Immigration should, therefore, be front-and-centre of policy makers’ minds when attempting to solve shortages in housing and/or affordability concerns.
Strangely, however, policy makers and commentators tend to ignore the immigration elephant and instead focus on the supply-side, despite the fact that in high immigration nations like Australia and New Zealand, high rates of household formation is the primary cause of supply problems.
With this background in mind, it is encouraging to see Interest.co.nz’s Greg Ninness call on Jacinda Ardern’s Labour Party Government “to consider immigration’s effect on housing demand before it starts reopening the borders”:
If we are going to solve the housing crisis we need to take a serious look at the effect immigration has on housing demand.
That’s because immigration is the biggest driver of New Zealand’s population growth, which means it’s probably also the biggest driver of demand for housing…
It will also affect the demand for social services such as health and education and the need for other infrastructure such as transport and utilities.
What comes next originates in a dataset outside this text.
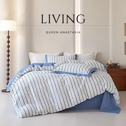 / Striped Duvet Cover Queen 100% Washed Cotton Blue and White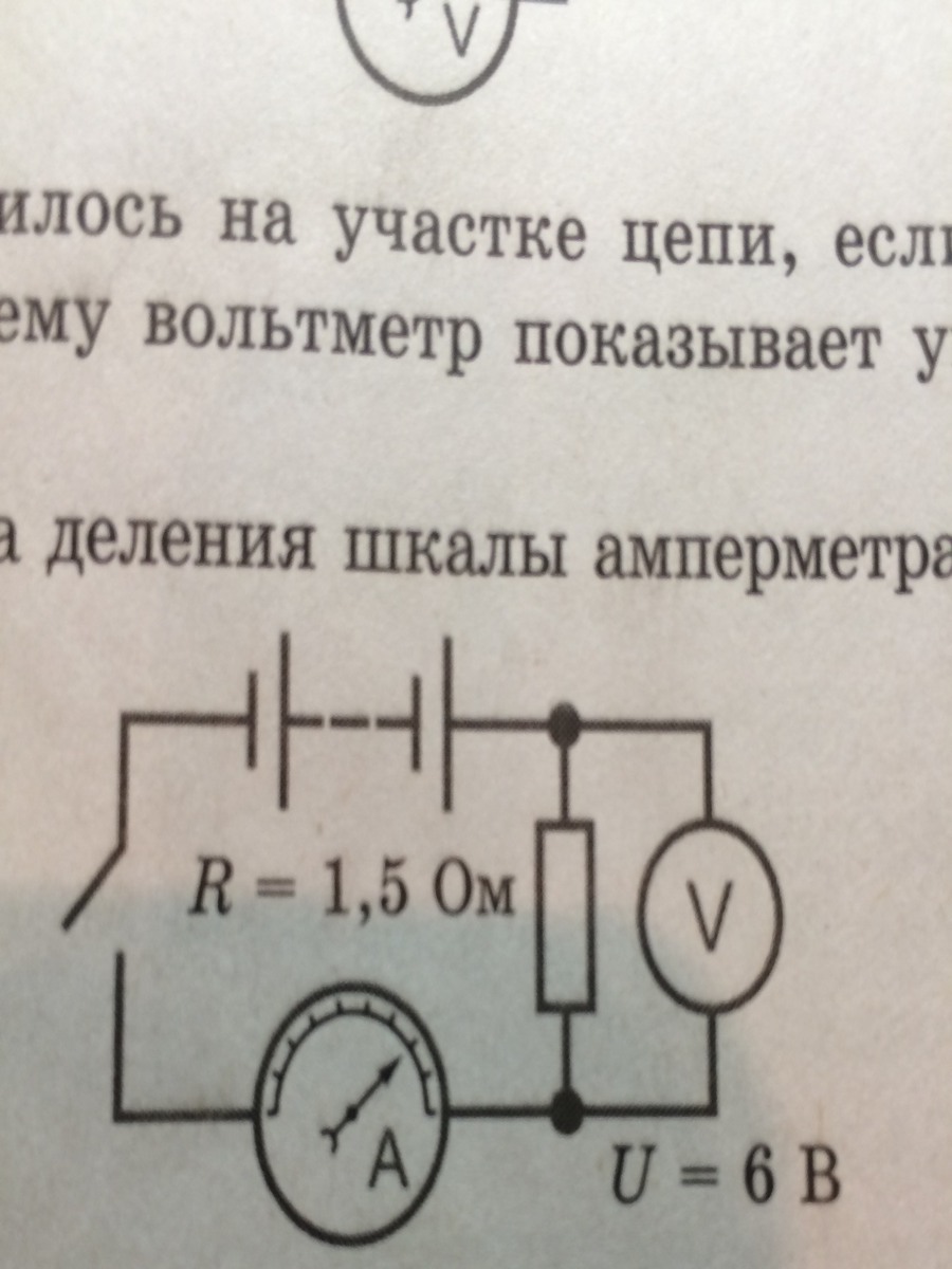 У амперметра цена деления 1,75 А (I=U/R =6/1.5=4А и это на 7 делений, значит на одно деление 7/4=1,75 А)

Two of the biggest beneficiaries of high levels of immigration are employers and the tertiary education sector, so it is not surprising that they are often at the vanguard of promoting mass immigration policies. However the costs of those policies, such as pressures on housing and other infrastructure, must be borne by the wider population.
Truer words have never been written. The situation is exactly the same in Australia where 100% of Australia’s future population growth is projected by the ABS to come from net overseas migration (NOM) – either directly as migrants disembark the plane or indirectly when migrants later have children (counted as ‘natural increase’):
The 17.5 million population growth projected for Australia between 2016 and 2067 – all via NOM – will require roughly 7 million additional homes to be built over that time.
Thus, any talk about ‘housing affordability’ or ‘housing shortages’ must address the mass immigration issue, since it is the key long-term structural driver of these problems.